TASK DETAILS
Give the lines below again exactly, starting with the line that holds "A) Manufactured in" and going on through the line that holds "Bomvolle Dynamic.Plus.line 64kWh".

MATERIAL PROVIDED
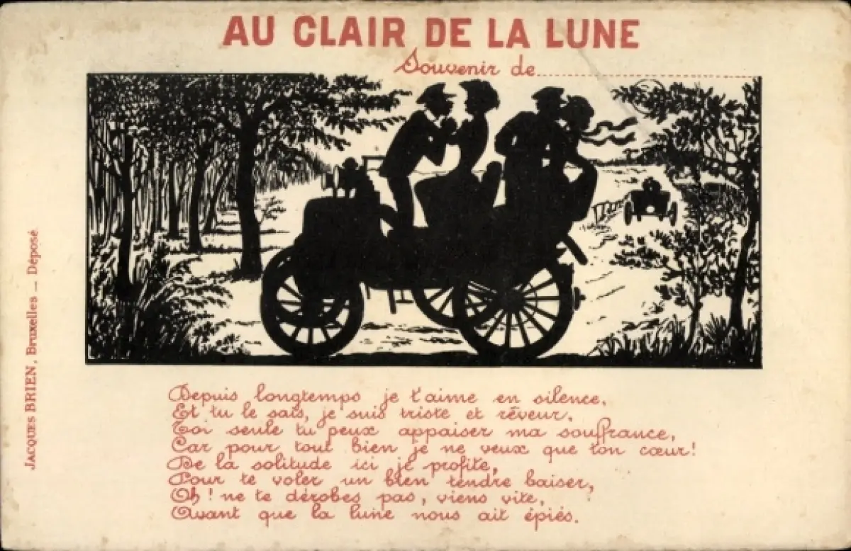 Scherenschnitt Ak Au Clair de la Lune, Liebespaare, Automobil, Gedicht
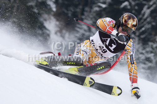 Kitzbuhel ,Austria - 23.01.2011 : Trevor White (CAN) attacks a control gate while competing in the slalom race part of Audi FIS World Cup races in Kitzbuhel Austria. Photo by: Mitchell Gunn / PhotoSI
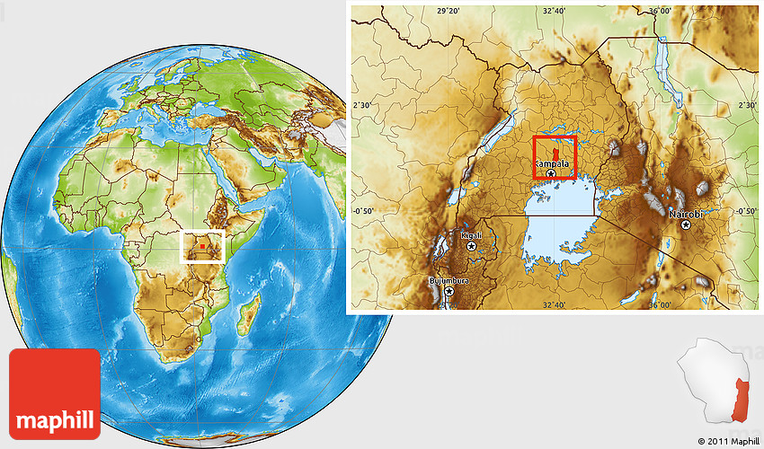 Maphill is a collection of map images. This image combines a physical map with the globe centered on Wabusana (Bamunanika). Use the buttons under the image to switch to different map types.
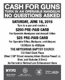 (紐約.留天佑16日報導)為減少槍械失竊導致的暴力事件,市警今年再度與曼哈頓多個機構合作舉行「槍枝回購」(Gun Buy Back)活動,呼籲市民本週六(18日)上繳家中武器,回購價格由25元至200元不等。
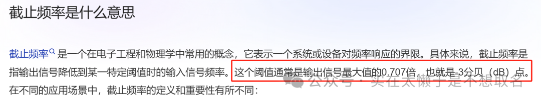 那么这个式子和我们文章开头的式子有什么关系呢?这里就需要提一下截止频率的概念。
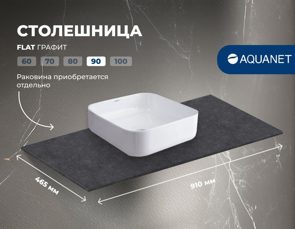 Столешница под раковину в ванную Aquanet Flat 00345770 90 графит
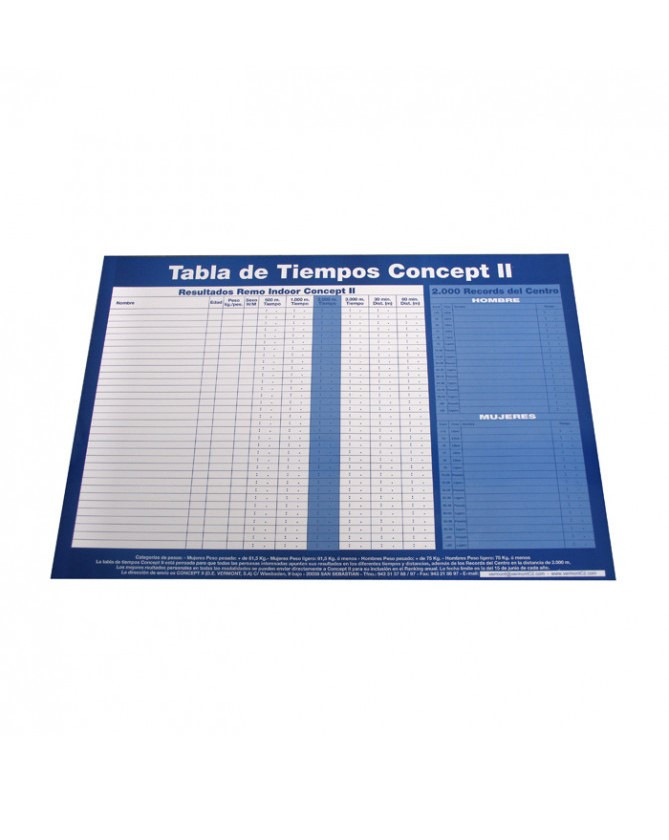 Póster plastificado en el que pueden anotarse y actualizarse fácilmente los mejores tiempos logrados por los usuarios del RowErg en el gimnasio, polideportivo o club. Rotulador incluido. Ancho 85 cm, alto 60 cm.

--

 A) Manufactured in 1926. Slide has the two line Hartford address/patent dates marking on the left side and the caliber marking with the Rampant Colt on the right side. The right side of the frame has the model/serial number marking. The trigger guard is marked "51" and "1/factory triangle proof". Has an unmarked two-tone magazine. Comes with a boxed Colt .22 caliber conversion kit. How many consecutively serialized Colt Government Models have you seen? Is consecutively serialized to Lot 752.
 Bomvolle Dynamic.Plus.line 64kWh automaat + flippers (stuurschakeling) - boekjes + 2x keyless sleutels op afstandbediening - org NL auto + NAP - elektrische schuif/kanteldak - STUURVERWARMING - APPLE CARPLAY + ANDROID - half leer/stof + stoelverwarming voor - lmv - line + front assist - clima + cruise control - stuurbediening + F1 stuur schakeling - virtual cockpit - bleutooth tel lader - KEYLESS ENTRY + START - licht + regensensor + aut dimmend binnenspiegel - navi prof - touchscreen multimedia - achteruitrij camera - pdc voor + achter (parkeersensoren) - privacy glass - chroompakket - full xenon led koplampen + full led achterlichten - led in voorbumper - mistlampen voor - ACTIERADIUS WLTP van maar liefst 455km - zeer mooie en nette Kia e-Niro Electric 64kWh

RESPONSE TO THIS TASK
 A) Manufactured in 1926. Slide has the two line Hartford address/patent dates marking on the left side and the caliber marking with the Rampant Colt on the right side. The right side of the frame has the model/serial number marking. The trigger guard is marked "51" and "1/factory triangle proof". Has an unmarked two-tone magazine. Comes with a boxed Colt .22 caliber conversion kit. How many consecutively serialized Colt Government Models have you seen? Is consecutively serialized to Lot 752.
 Bomvolle Dynamic.Plus.line 64kWh automaat + flippers (stuurschakeling) - boekjes + 2x keyless sleutels op afstandbediening - org NL auto + NAP - elektrische schuif/kanteldak - STUURVERWARMING - APPLE CARPLAY + ANDROID - half leer/stof + stoelverwarming voor - lmv - line + front assist - clima + cruise control - stuurbediening + F1 stuur schakeling - virtual cockpit - bleutooth tel lader - KEYLESS ENTRY + START - licht + regensensor + aut dimmend binnenspiegel - navi prof - touchscreen multimedia - achteruitrij camera - pdc voor + achter (parkeersensoren) - privacy glass - chroompakket - full xenon led koplampen + full led achterlichten - led in voorbumper - mistlampen voor - ACTIERADIUS WLTP van maar liefst 455km - zeer mooie en nette Kia e-Niro Electric 64kWh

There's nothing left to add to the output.